= Liberty Fellows =

American politician (1834–1912)

Liberty Eaton Fellows (August 22, 1834 – July 17, 1912) was an American politician and judge.

Fellows was born in Corinth, Vermont, on August 22, 1834, and attended the local common schools before completing high school at Thetford Academy. He moved to Wisconsin in 1856, before settling in Allamakee County, Iowa, the following year. In Iowa, Fellows farmed and worked as a county clerk. After gaining admittance to the bar in 1862, Fellows moved into Lansing to practice law.
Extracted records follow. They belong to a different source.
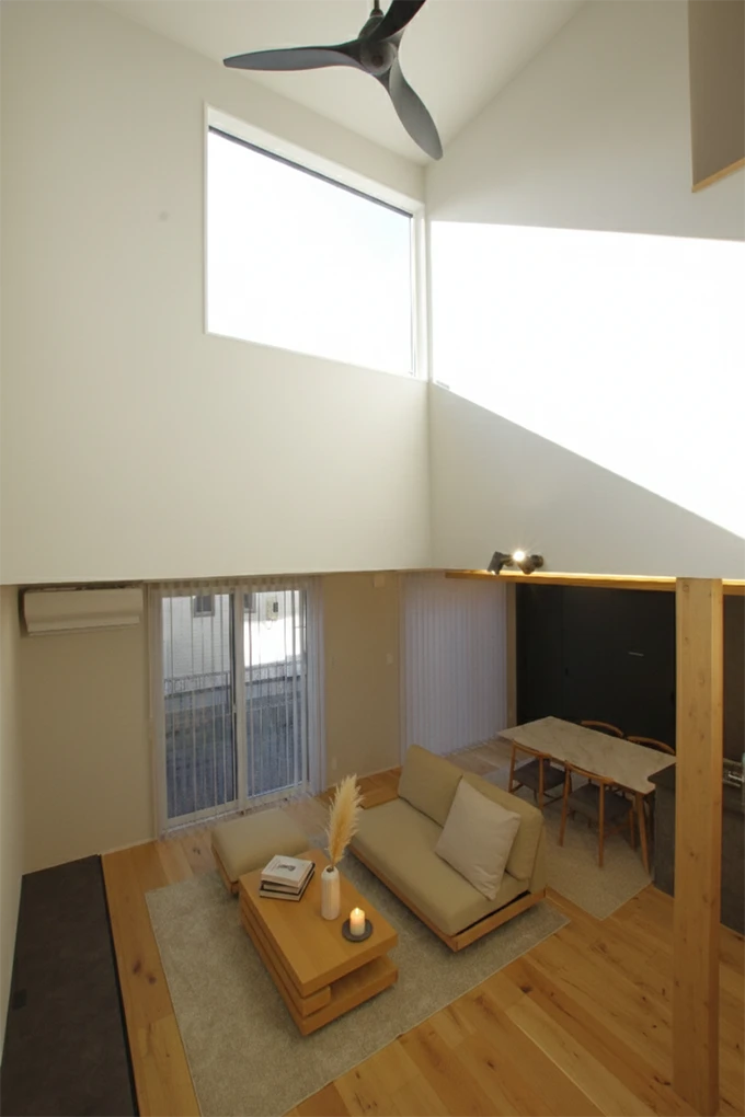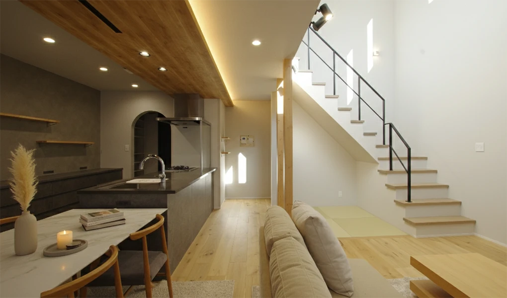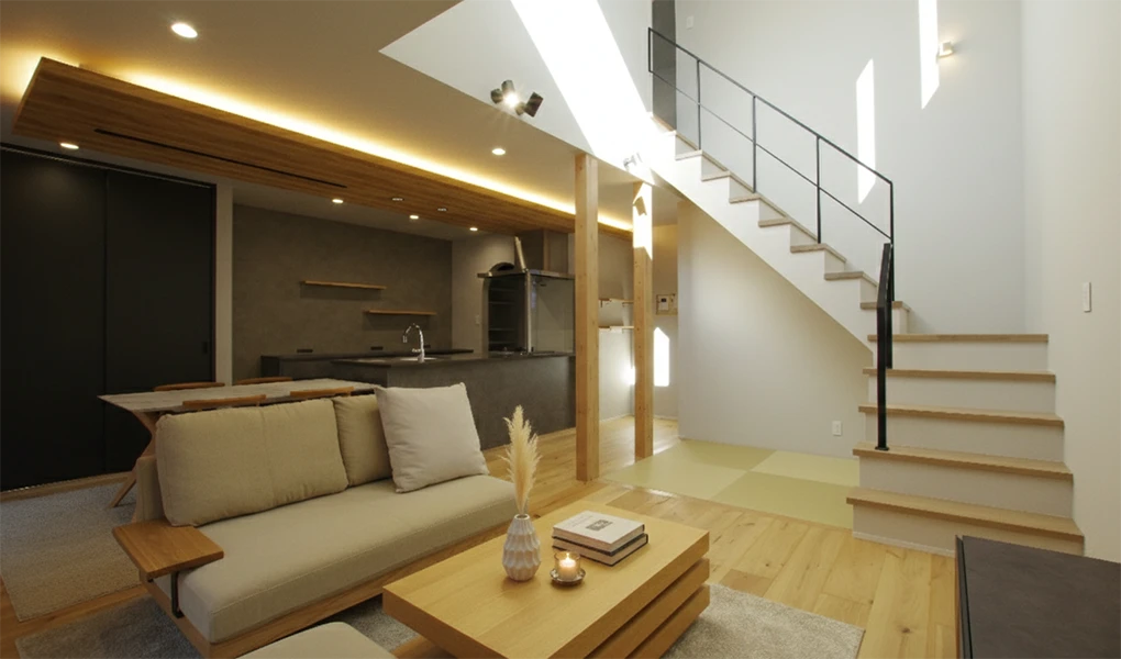 1階にはオークの挽板を採用し、足元から木の温もりに包まれます。吹き抜けに映える鉄骨階段の下には、心地よい畳スペースを設けました。厚みを抑えた折り下げ天井には間接照明を仕込み、落ち着いた雰囲気に。意匠性と開放感を両立した、ご家族が自然と集まる空間です。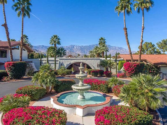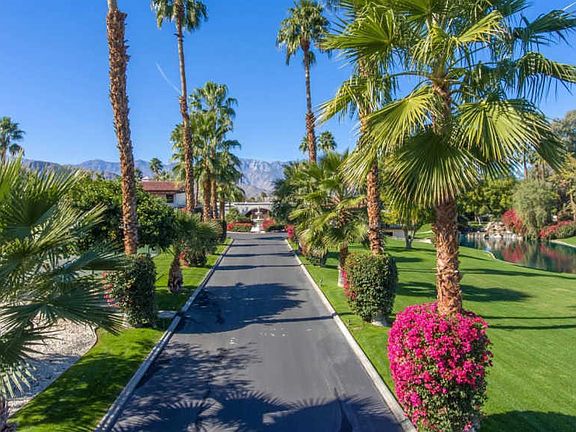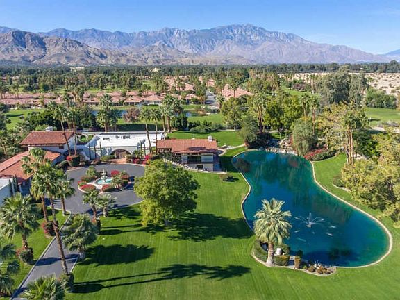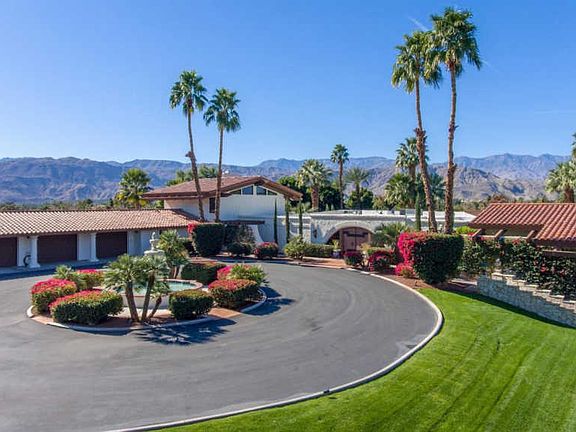 This CAPTIVATING 8100+ sq.ft.,6 BD/6.5 BA Spanish Revival Private ESTATE is situated on 4+ acres in the heart of prestigious Rancho Mirage. From the iron gates and beyond you will be met with a breathtaking resort-like setting including entry fountain,lake with rock waterfall, designated citrus grove,sport court,pool with stunning mountain views and a lamp post-lined walking path. Open the castle-like doors to be greeted with grand traditional Spanish decor which continues throughout, including the formal great room with exposed beam ceiling, formal dining room, gourmet kitchen w/slab granite countertops, open concept family room/dining area, two casitas; one attached w/ full kitchen and one private entrance casita w/kitchenette. The master suite is unique and features a private library,spacious upstairs bedroom with retreat and Juliet balcony overlooking the pool, grounds and views. Estate has been operating as a wedding/events venue. Offered TURNKEY FURNISHED per inventory.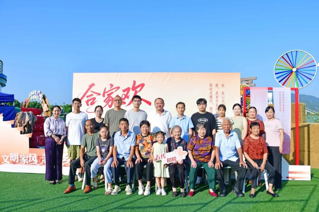 拍摄现场,村民们的说笑声此起彼伏,处处洋溢着节日的喜庆。就坐在前排的银发老人中,102岁的徐秀凤格外引人注目,在小辈们的悉心陪伴下,她精神矍铄,笑容慈祥。子孙们环绕在她身边,家里最小的玄孙女拉着她的手,形成了“五代同堂”的动人画面。

Fellows was elected to the Iowa House of Representatives in 1865, and held the District 50 seat from January 8, 1866, to January 12, 1868. He then succeeded Charles Paulk on the Iowa Senate, representing Iowa Senate between January 13, 1868, and January 7, 1872. In 1883, Fellows changed his party affiliation from Democratic to Republican. In 1889, Fellows was appointed by governor William Larrabee to fill an unexpired term as judge of the thirteenth judicial district. He served five full judicial terms in his own right, and died in the midst of his sixth, on July 17, 1912.

Liberty Fellows married Mary S. Reed on July 4, 1861. The couple had eleven children, eight of whom survived Fellows. A son, Albert Fellows, later served on the Iowa General Assembly.